# Trimming "Zero"- Poplar Island Race



## Ajax_MD (Nov 24, 2009)

On Saturday July 7th, I sailed a 7 mile race on the Chesapeake, near Thomas Pt. Light.

Zzgta was one of the participants, tearing things up in his Merit 25. 

The start was in very, very light air so the race committee selected the "short" optional course. The temps were also 100F on the water. My crew pounded 2.5 gallons of water and an unknown quantity of Gatorade in 3.5 hours. Whew.

The start was right near the light house. The water was a lumpy, confused mess due to the shallow waters and the constant wakes of passing traffic. It's a popular area to fish and cruise. People love to photograph the lighthouse. Getting the boat moving in 3kts of breeze, through a chop was pretty difficult.
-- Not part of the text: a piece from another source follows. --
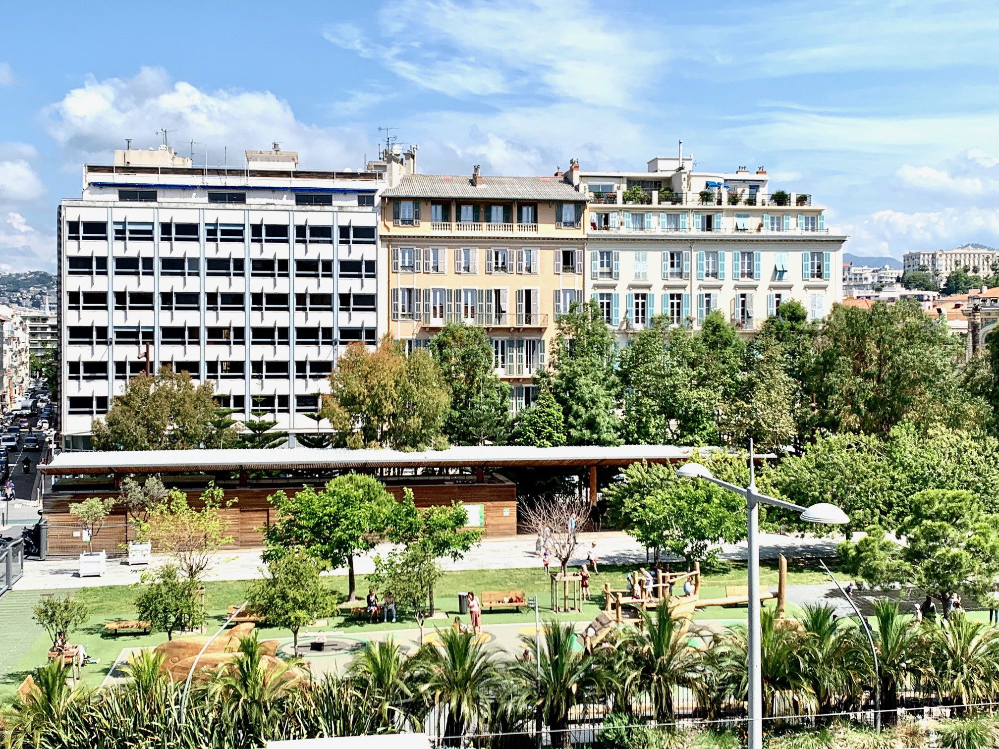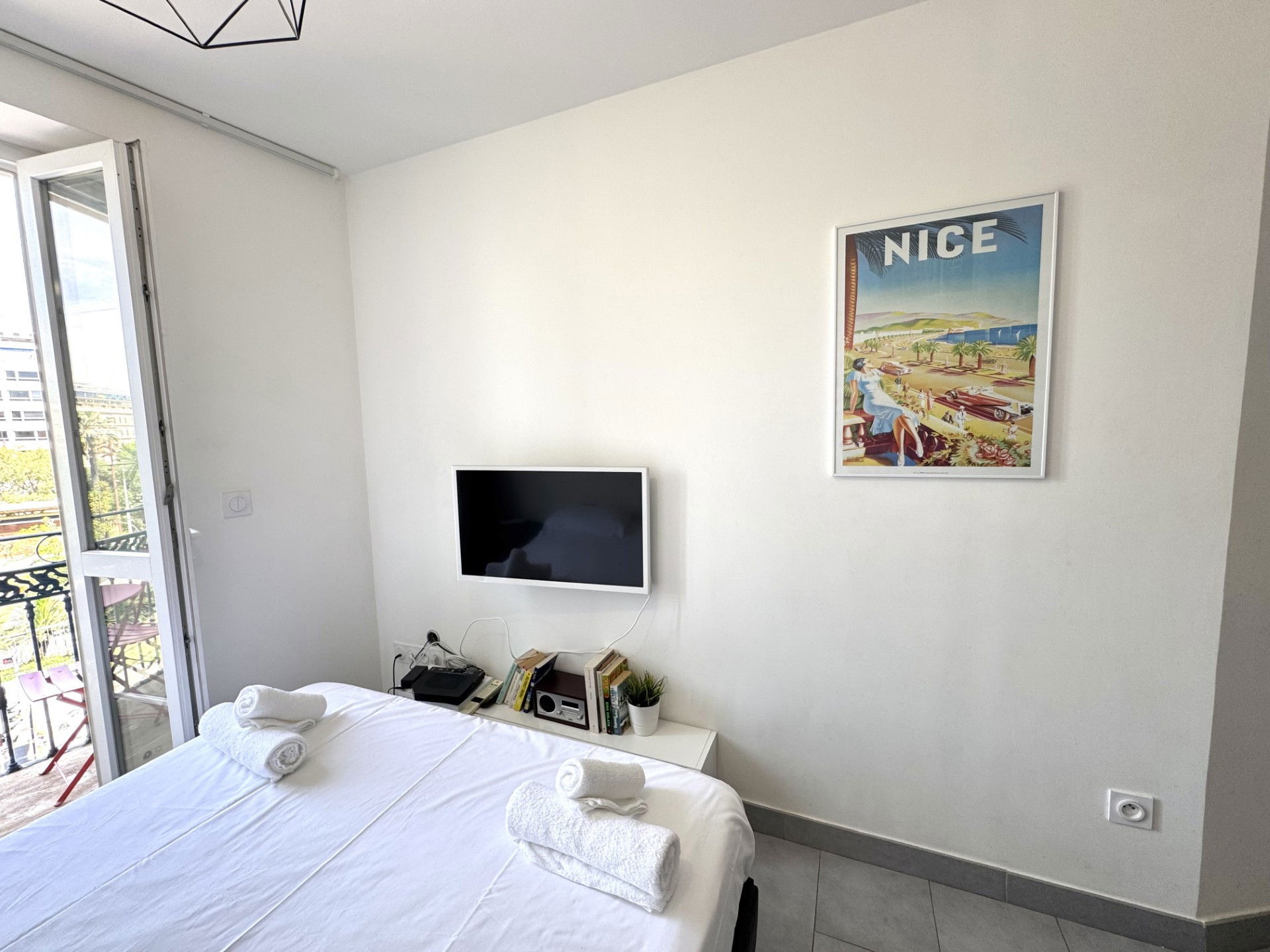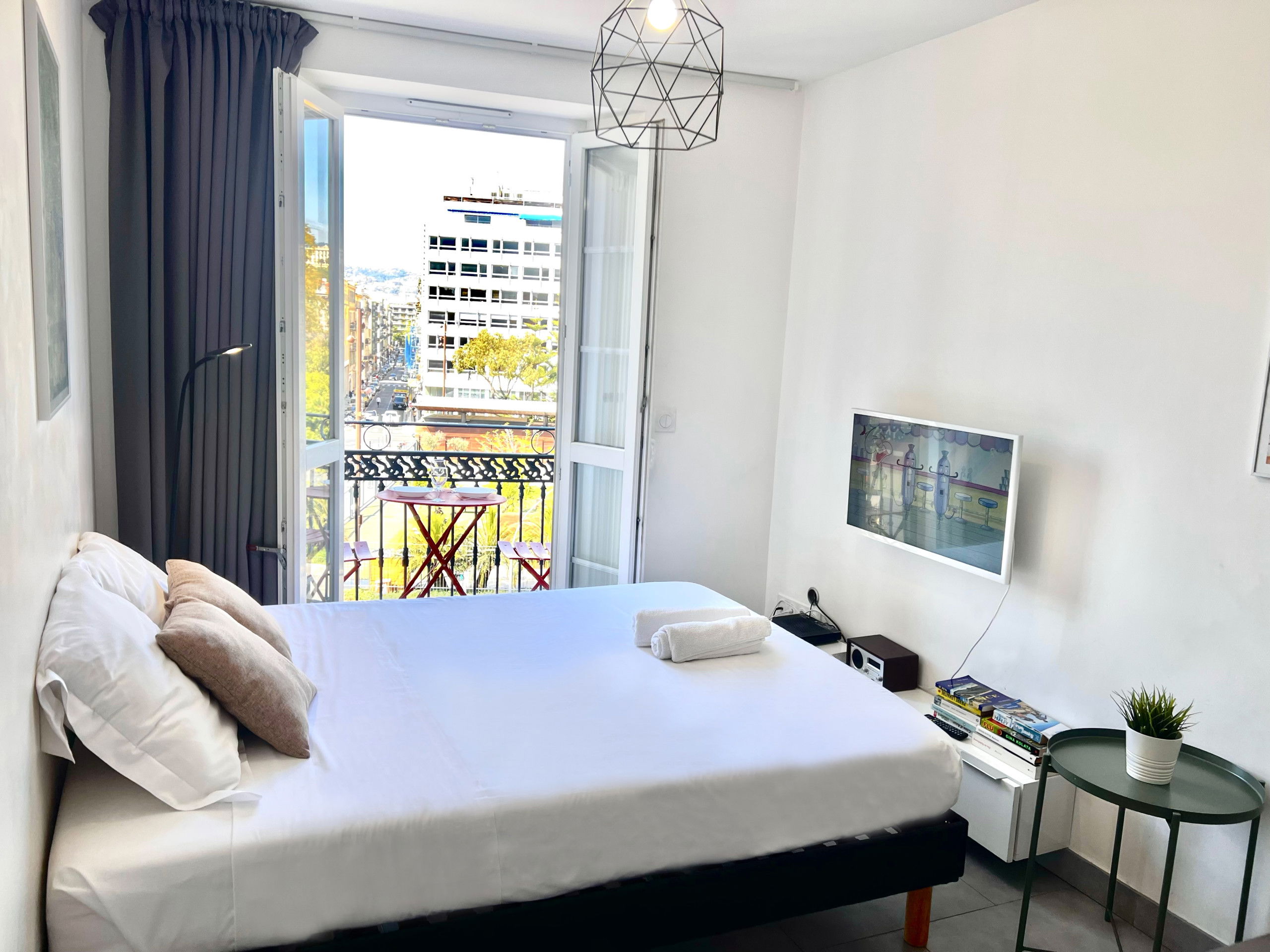 Ce logement de 20 m², lumineux et décoré avec soin, dispose d’un petit balcon tout mignon avec vue dégagée sur les jardins de la Promenade du Paillon, parfait pour un café matinal ou un verre en fin de journée.

After a mile or so, I observed a windline to stbd and drove towards it to get into ANY kind of breeze. We employed all the common light-air techniques, which have been reinforced by Auspicious Dave, who has recently raced with me.
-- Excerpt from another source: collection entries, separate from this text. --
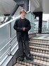 【低身長なのでスウェットはレザーパンツで上品に!】 スウェットは低身長だと幼くなってしまうので、他のアイテムはキレイでスタイリッシュなアイテムで合わせる! このレザーパンツのヴィンテージライクなカラーが可愛い! アウターもジャケットで合わせて、幼さを消す!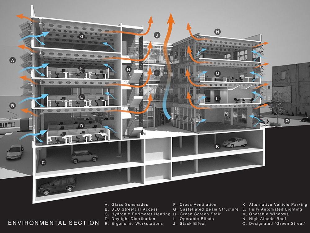 The team explored many ways to optimize the balance between heat gain and daylighting while minimizing energy usage to identify the best design strategies. Passive ventilation (with no air conditioning) became a real option with an internal courtyard working as a chimney to draw air through the building on hot days.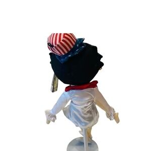 This vintage Betty Boop rag doll by Kellytoy features a patriotic theme. She is dressed in a star-spangled outfit and a red, white, and blue top hat. Each rag doll is unique. The stand is not included.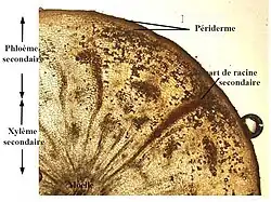 Coupe transversale de la racine montrant le phloème secondaire hypertrophié.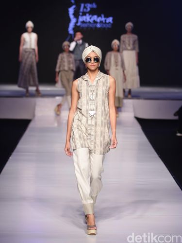 Cropped jacket, celana dan rok highwaist, blouse tanpa lengan mendominasi koleksi tersebut. Para model tampil modis dengan shades (kacamata hitam) serta dekorasi kepala berupa turban.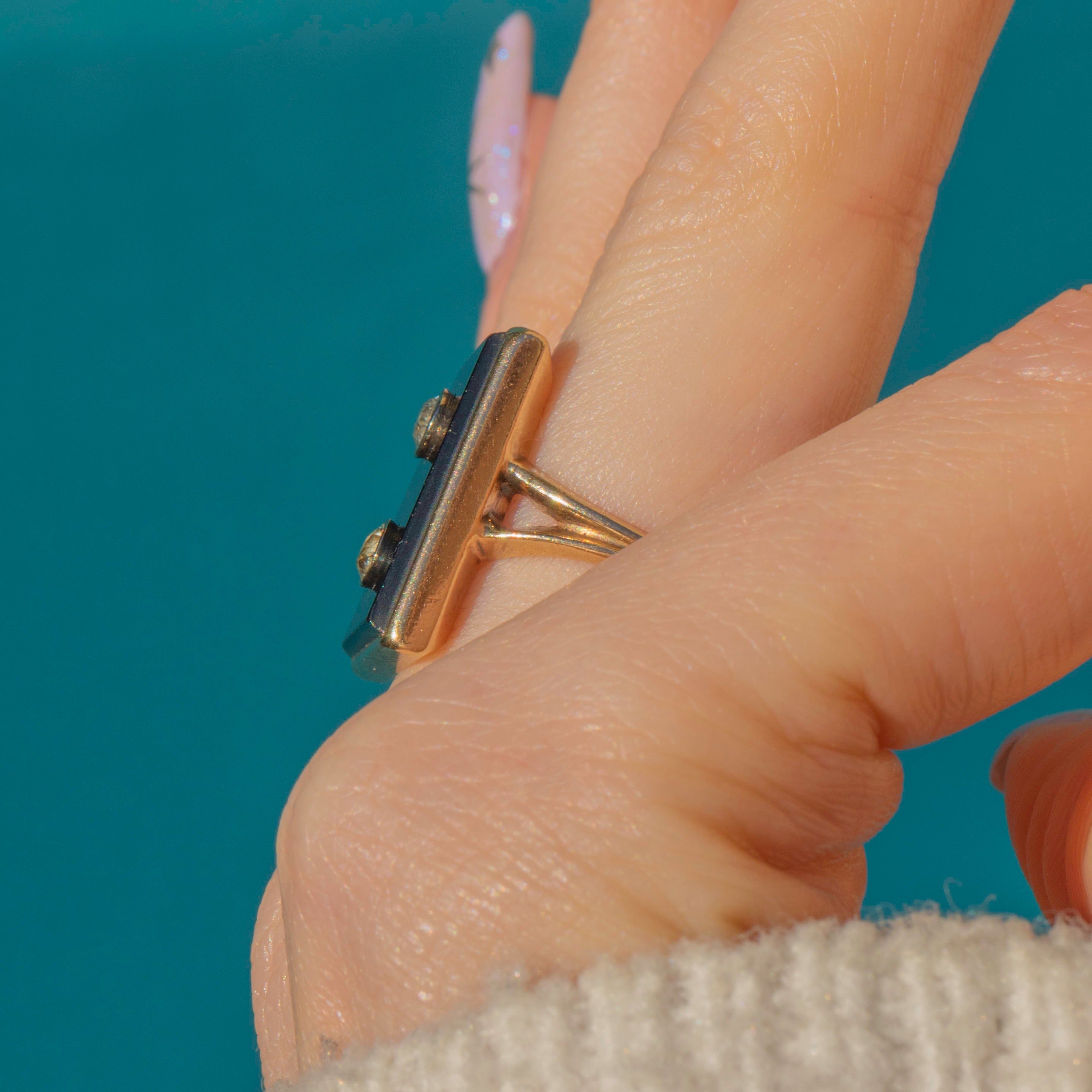 Bring some Deco decadence to your hand with this impressive Art Deco 14ct Gold Onyx Diamond panel ring! The buttery 14ct Gold displays a striking Onyx slab, inlaid with 0.30cts of old-European cut Diamonds providing the glossy ink-black surface with a bright scintillation.

From there, the breeze slowly built into something useable, but a bit shifty. My GPS track looks like Helen Keller was driving. The water grew much smoother as we put some distance from the lighthouse.
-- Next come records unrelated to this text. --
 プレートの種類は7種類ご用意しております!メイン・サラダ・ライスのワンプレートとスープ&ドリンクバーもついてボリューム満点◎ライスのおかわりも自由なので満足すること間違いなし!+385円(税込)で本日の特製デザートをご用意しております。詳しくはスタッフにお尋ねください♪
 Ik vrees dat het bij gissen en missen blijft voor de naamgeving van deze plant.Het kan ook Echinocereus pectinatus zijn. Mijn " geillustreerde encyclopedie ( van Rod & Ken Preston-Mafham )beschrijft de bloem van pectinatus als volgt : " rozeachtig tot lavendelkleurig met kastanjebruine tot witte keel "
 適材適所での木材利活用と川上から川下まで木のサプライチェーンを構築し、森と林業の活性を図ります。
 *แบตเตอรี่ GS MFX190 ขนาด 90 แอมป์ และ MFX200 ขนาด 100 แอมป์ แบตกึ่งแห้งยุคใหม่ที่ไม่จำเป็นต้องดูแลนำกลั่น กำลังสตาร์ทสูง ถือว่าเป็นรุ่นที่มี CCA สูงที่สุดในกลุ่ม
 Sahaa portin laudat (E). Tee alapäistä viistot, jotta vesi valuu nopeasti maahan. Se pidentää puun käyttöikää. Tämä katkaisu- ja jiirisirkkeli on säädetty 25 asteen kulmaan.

We banged around the marks as quickly as we could, and grabbed a quick sandwich before we rounded the final downwind mark. The spinnaker set went smoothly enough, but my pit man was shy of the max hoist by about 2 feet, and I didn't discover this until nearly the end of the race.  He's new, and I should have double-checked him.

Actually, I had 3 crew who are fairly new to sailing, and for the most part, they did pretty well. We managed to maintain over 5 kts on the downwind leg, in 10-12 kts of breeze.

As we grew closer to the lighthouse, and the finish line, the confused chop was really bad, and shook the hell out of the spinnaker, making trim very difficult. My new guy just didn't have the visual cues he was looking for, but he hung with it as best he could. We crossed the line and had a clean douse.

Dead last.  Ah well. We're still working on our light-air skills. Congratulatory beers were had, and the stereo was put on. 

I'll put my GPS track up for kibitzing, later this evening if I get a chance.


----------



## smackdaddy (Aug 13, 2008)

Nice write-up bubble! Man I hate light air!!!!


----------



## puddinlegs (Jul 5, 2006)

BubbleheadMd said:


> The spinnaker set went smoothly enough, but my pit man was shy of the max hoist by about 2 feet, and I didn't discover this until nearly the end of the race.  He's new, and I should have double-checked him.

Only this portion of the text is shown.